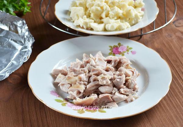 - Очищаем грудку от кожицы, нарезаем и отвариваем. Ждем около 25 минут, филе должно стать мягким.
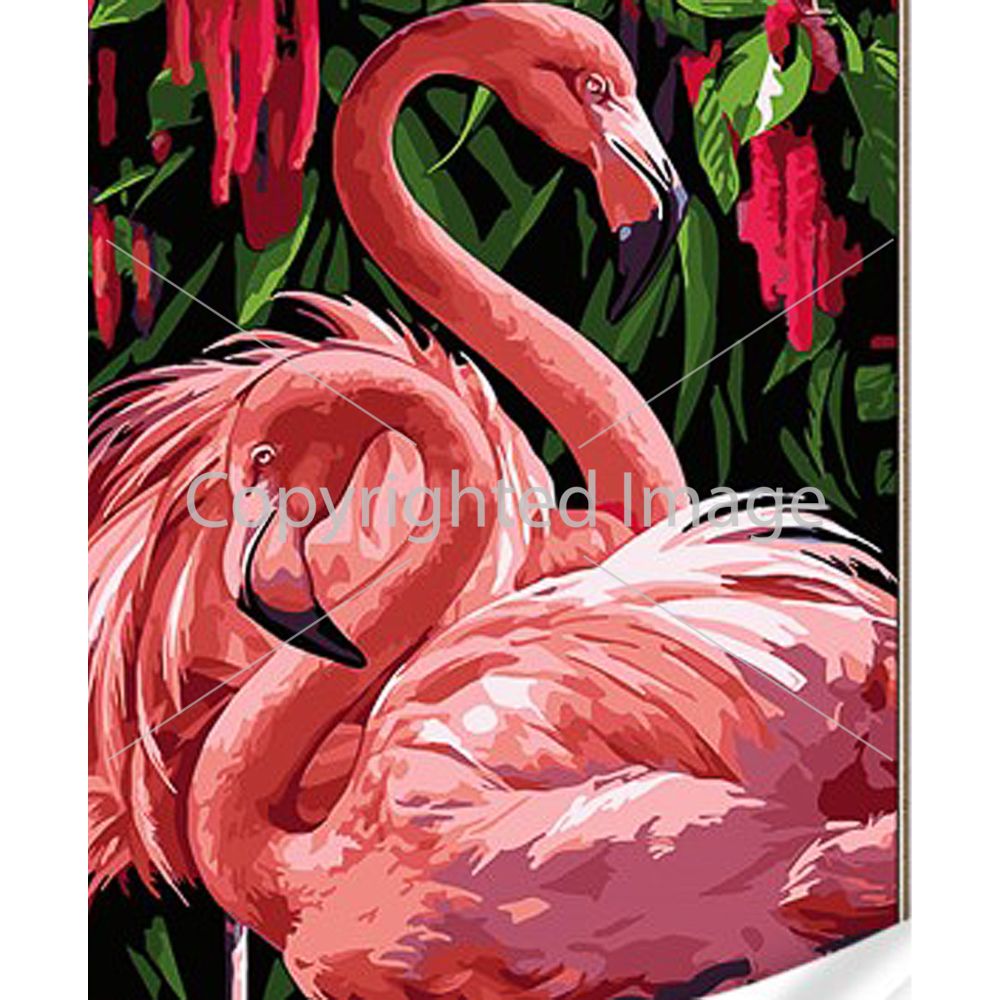 Картина за номерами Strateg ПРЕМІУМ Рожеві фламінго з лаком та з рівнем розміром 30х40 см (SS1052)
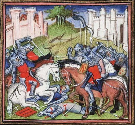 | Keywords: The battle of Calais.jpg en Jean Froissart Chroniques Vol I The battle of Calais Place of origin date Paris Virgil Master illuminator ; c 1410 Material Vellum ff 382 385x288 243x187 mm 42 lines littera cursiva Binding 18th-century brown leather; gilt; with coat of arms of Stadholder William V Decoration 1 two-column miniature 170x180 mm ; 29 column miniatures 115/65x95/80 mm ; 1 historiated initial 45x50 mm ; decorated initials with border decoration ff 1r 24r 36r 62r 74v etc Provenance Louis de Luxemburg conn štable de France d 1475; signature erased ; by descent to his granddaughter Françoise de Luxembourg and her husband Philip of Cleves d 1528; coat of arms with label over erasure; signature ; purchased in 1531 from Philip's estate by HenriIII Count of Nassau d 1538 ; by descent to the Princes of Orange-Nassau the later Stadholders at The Hague; carried off in 1795 to Paris by the French and restituted to the Koninklijke Bibliotheek in 1816 http //www kb nl/manuscripts/show/manuscript/72+A+25 Jean Froissart Chroniques Vol I Virgil Master illuminator ca 1410 Edward III of England Chroniques de Froissart vol 1 - Den Haag KB 72 A 25 c 1410 Medieval miniatures of battles Bataille de Calais PD-old-100 |
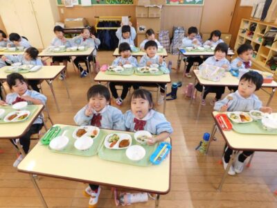 子どもたちは給食の時間がとてもたのしみです。寒くなってくるとあたたかいご飯やスープが格別です。今日の献立はご飯、スープ、はんぺんフライ、ミートボール、シェルマカロニサラダでした。「
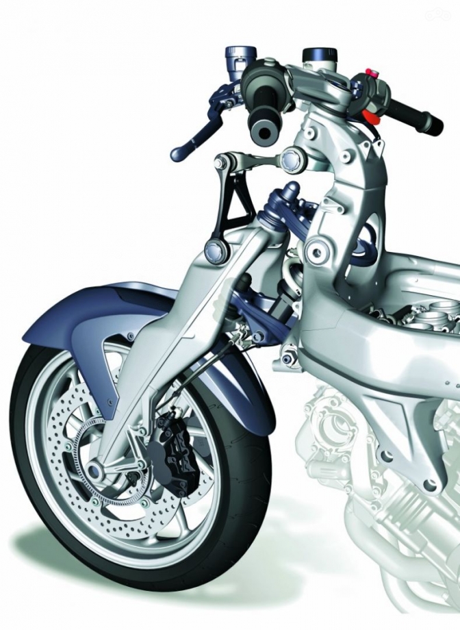 Привыкнуть к ней сложно, слишком уж велика разница с предшественницей, а оправившись от шока, глаза начинают цепляться за верхние рычаги передней подвески. Больше никаких телескопических вилок! Следом за баварцами, свое переосмысление популярной в 40-х годах прошлого века параллелограмной вилки, создали и японцы. Да какое!

● **Task goal**
A faithful copy of every record is needed here. Leave the images out of it.

● **Reply to the task**
 - Очищаем грудку от кожицы, нарезаем и отвариваем. Ждем около 25 минут, филе должно стать мягким.
 Картина за номерами Strateg ПРЕМІУМ Рожеві фламінго з лаком та з рівнем розміром 30х40 см (SS1052)
 | Keywords: The battle of Calais.jpg en Jean Froissart Chroniques Vol I The battle of Calais Place of origin date Paris Virgil Master illuminator ; c 1410 Material Vellum ff 382 385x288 243x187 mm 42 lines littera cursiva Binding 18th-century brown leather; gilt; with coat of arms of Stadholder William V Decoration 1 two-column miniature 170x180 mm ; 29 column miniatures 115/65x95/80 mm ; 1 historiated initial 45x50 mm ; decorated initials with border decoration ff 1r 24r 36r 62r 74v etc Provenance Louis de Luxemburg conn štable de France d 1475; signature erased ; by descent to his granddaughter Françoise de Luxembourg and her husband Philip of Cleves d 1528; coat of arms with label over erasure; signature ; purchased in 1531 from Philip's estate by HenriIII Count of Nassau d 1538 ; by descent to the Princes of Orange-Nassau the later Stadholders at The Hague; carried off in 1795 to Paris by the French and restituted to the Koninklijke Bibliotheek in 1816 http //www kb nl/manuscripts/show/manuscript/72+A+25 Jean Froissart Chroniques Vol I Virgil Master illuminator ca 1410 Edward III of England Chroniques de Froissart vol 1 - Den Haag KB 72 A 25 c 1410 Medieval miniatures of battles Bataille de Calais PD-old-100 |
 子どもたちは給食の時間がとてもたのしみです。寒くなってくるとあたたかいご飯やスープが格別です。今日の献立はご飯、スープ、はんぺんフライ、ミートボール、シェルマカロニサラダでした。「
 Привыкнуть к ней сложно, слишком уж велика разница с предшественницей, а оправившись от шока, глаза начинают цепляться за верхние рычаги передней подвески. Больше никаких телескопических вилок! Следом за баварцами, свое переосмысление популярной в 40-х годах прошлого века параллелограмной вилки, создали и японцы. Да какое!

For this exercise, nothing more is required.